During the study, the algorithm classified most patients as low risk, while those identified as high risk had a nearly 9-fold increased probability of post-operative mortality. This novel approach has the potential to significantly improve clinicians’ ability to predict patient outcomes, enabling more informed decisions regarding surgical interventions.

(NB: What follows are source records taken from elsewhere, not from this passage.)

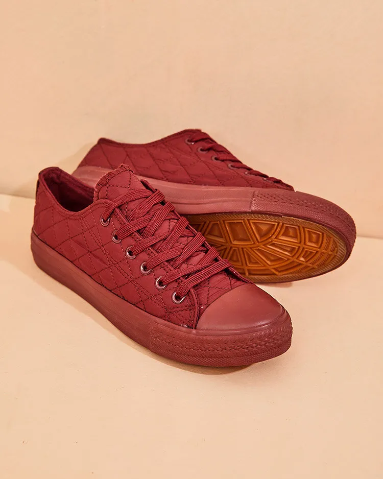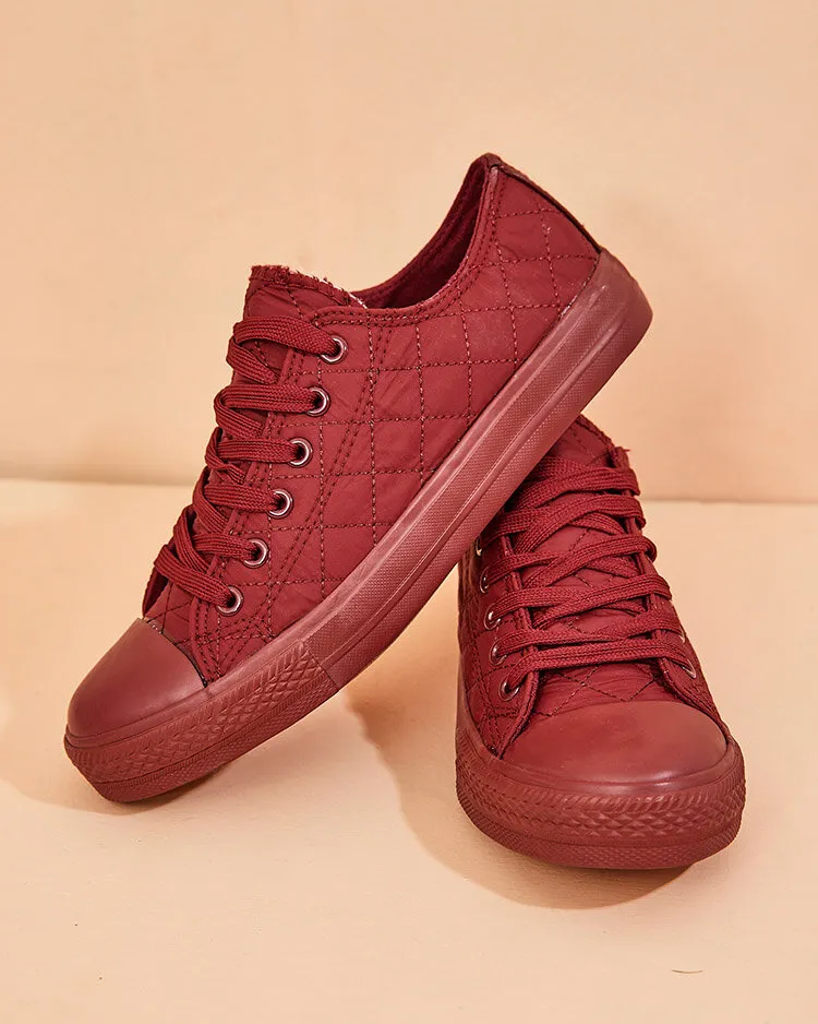 - Женские стеганые кроссовки на плоской подошве. Пара в стиле casual выполнена из тканевого материала. Модель на шнуровке. Идеальный вариант для тех, кто ценит комфорт!
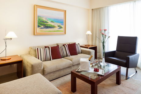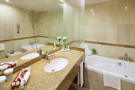 Espaciosas y lujosas habitaciones con salón independiente y amplia terraza, conexión WIFI gratuita, aire acondicionado, caja fuerte gratuita con capacidad para portátiles y tablets, albornoz y zapatillas, teléfono directo, TV interactiva vía satélite, mini bar, carta de almohadas... ...
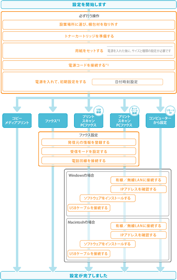 各機能(コピー、プリント、ファクス、PCファクス、スキャン、リモートUI、メディアプリント)を使用するには、以下の流れに沿って設定してください。
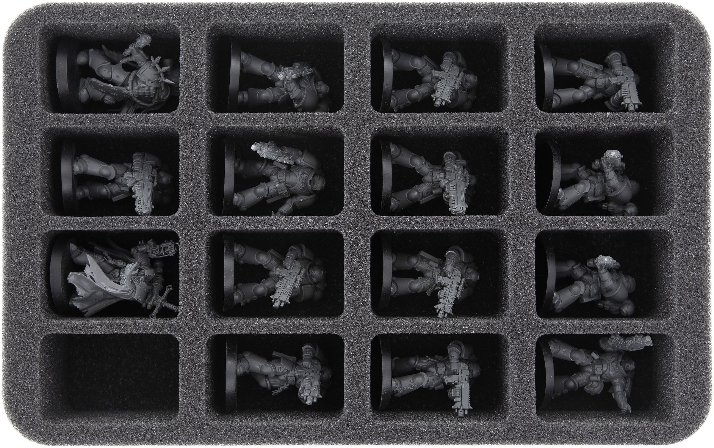 Custom-fit compartments made of soft foam reliably protect your miniatures from damage and also ensure that your painted units arrive safely at the tabletop without scratches.
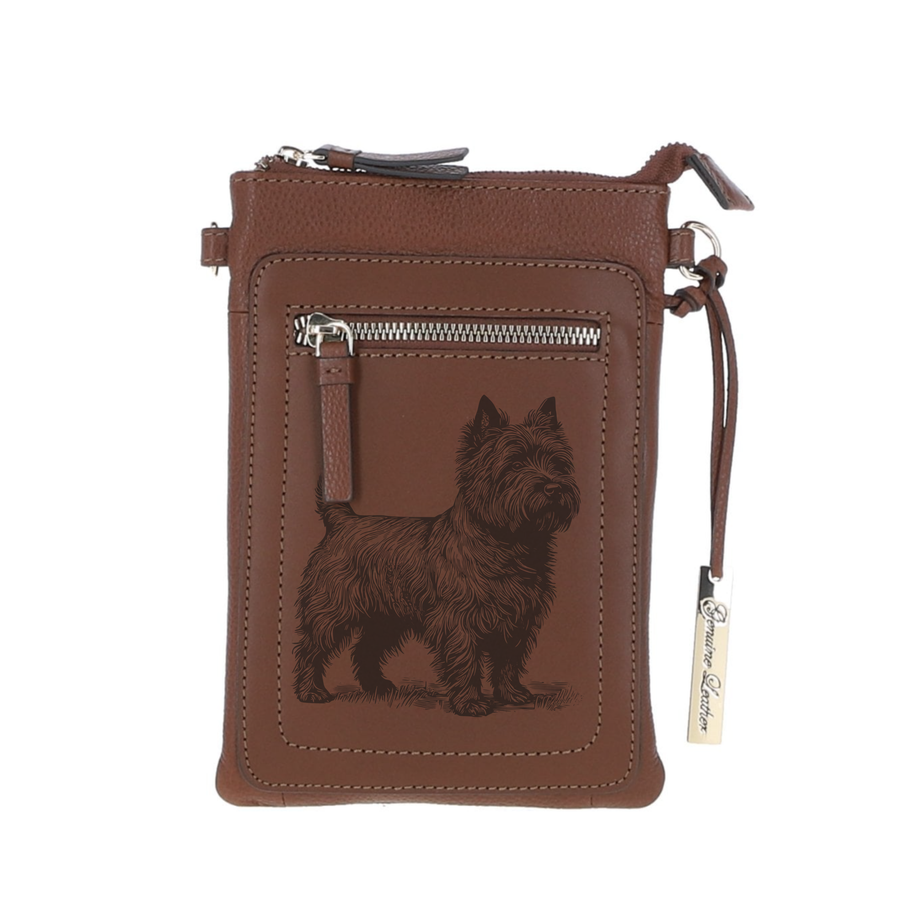 Personalised Cairn Terrier Standing R Engraved Leather Crossbody Smart
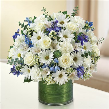 Blue is for sorrow, and white for the hope that inevitably overcomes it – this is a sentiment they will cherish. Our sympathy arrangement of white roses, alstroemeria, blue delphinium and carnations, elegantly designed by hand in a graceful cylinder vase, is a touching tribute to a life well lived and the hope that will always prevail. •Arrangement of white roses, alstroemeria, carnations, daisy poms and monte casino and blue delphinium; accented with fresh greenery •Hand-designed by our expert florists in a stylish clear glass cylinder vase lined with a Ti leaf ribbon; vase measures 6"H •Large arrangement measures approximately 16"H x 17"L •Medium arrangement measures approximately 15"H x 16"L •Small arrangement measures approximately 14"H X 15"L •A lovely gift for the service or for the home of family members or friends •Our florists hand-design each arrangement, so colors, varieties and vase may vary due to local availability •Alstroemeria may arrive in bud form and will open to full beauty over the next 2-3 days
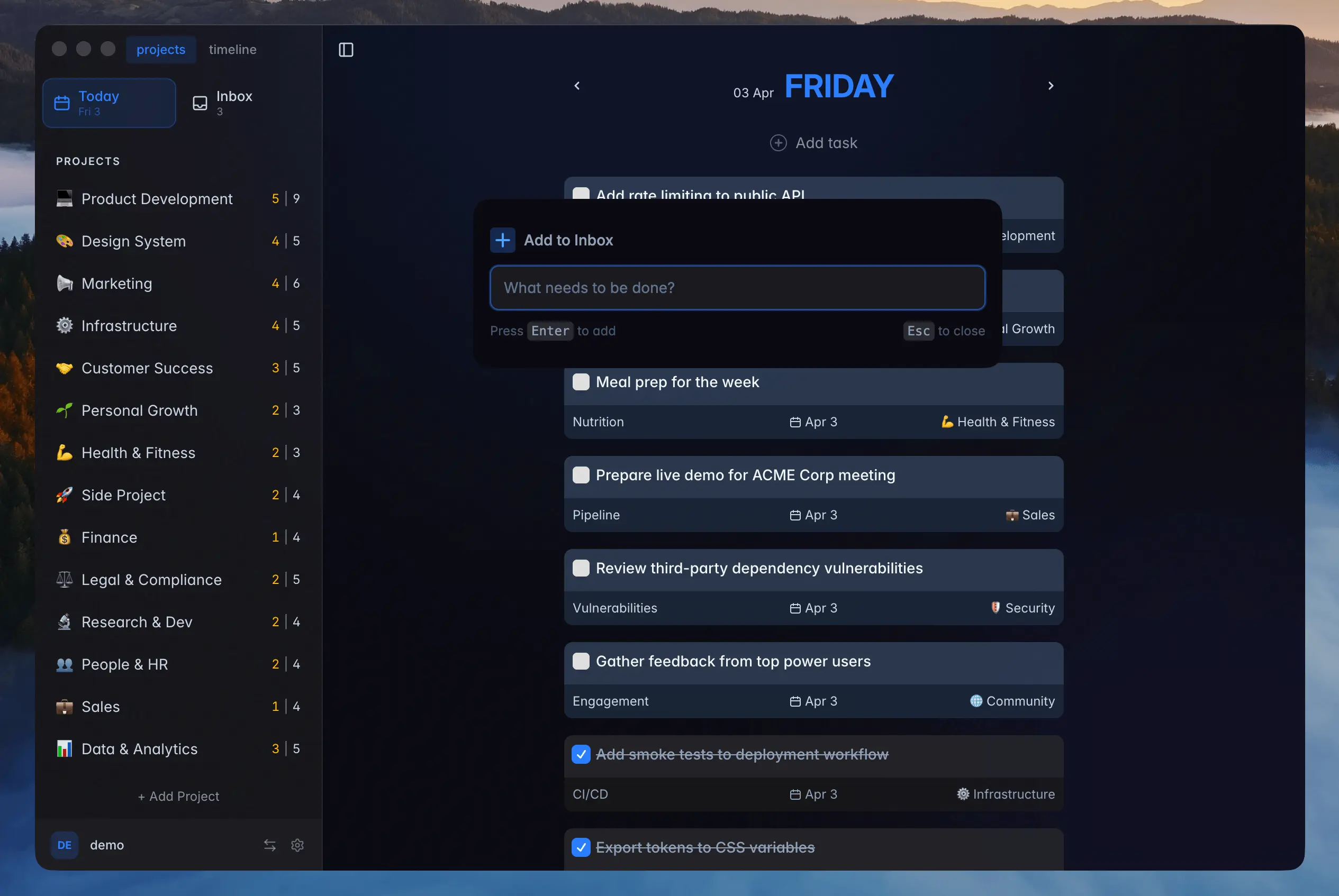 Also, one of the top feature that I really wanted is global quick add shortcut. You can trigger it with cmd+shift+a on macos, ctrl+shift+a on windows/linux.
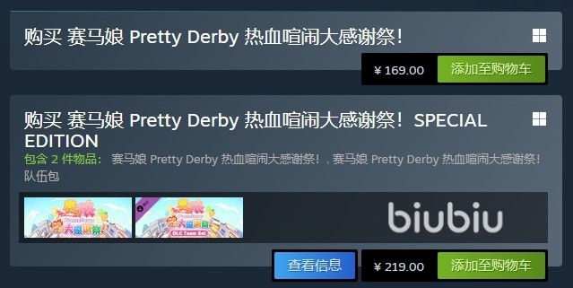 在Steam平台上赛马娘的售价为169元,这是游戏本体的价格。如果你想要购买包含游戏本篇和队伍包的高级版本,售价则为219元。这个价格对于一款内容丰富、玩法多样的游戏来说,是非常具有性价比的,特别是对于那些喜欢养成类游戏和赛马文化的玩家。
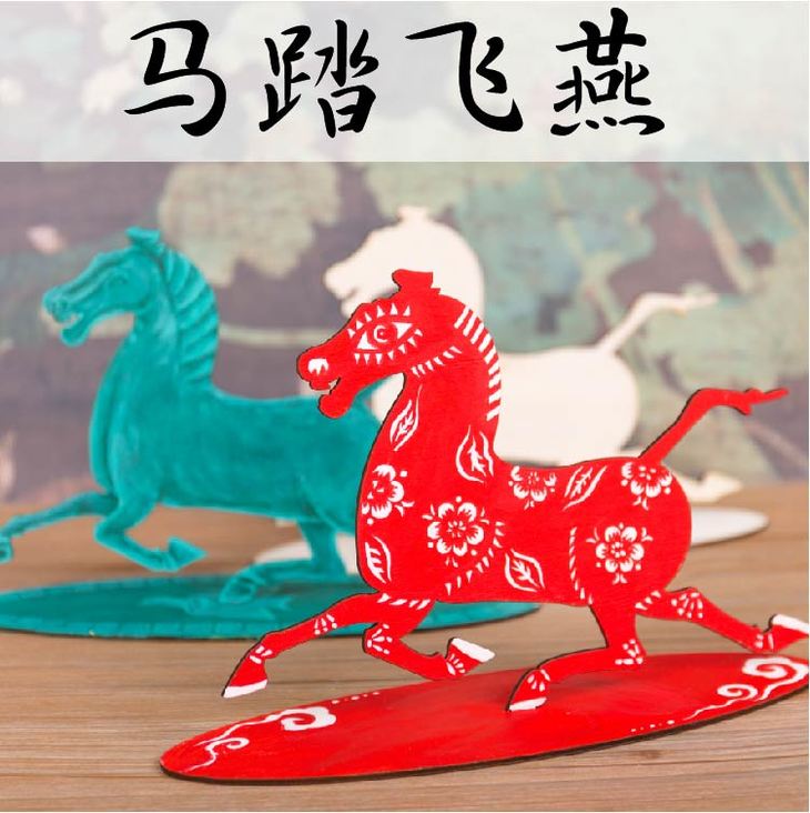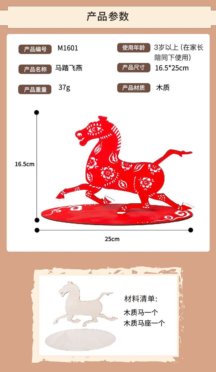 木质马踏飞燕 中国风特色手工材料幼儿园儿童创意绘画diy小马摆饰
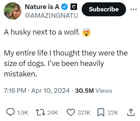 You know, this account may have used the exploding head emoji, but that is not the feeling that we're experiencing when looking at these pictures. Yes, we didn't realize just how big wolves actually are, but knowing that they are so much bigger than doggos… just makes us want to pet them more.

Current clinical risk prediction tools have limitations, and doctors often rely on guidelines from medical societies to assess individual risk. The AI model provides a better understanding of risk by utilizing a commonly obtained diagnostic test, the ECG, which can inform important medical decisions.

Dr. Christine M. Albert, chair of the Department of Cardiology in the Smidt Heart Institute, emphasizes the importance of accurately assessing risk in cardiology procedures. She states, “A better understanding of risk, particularly by using a commonly obtained diagnostic test, can inform important medical decisions.”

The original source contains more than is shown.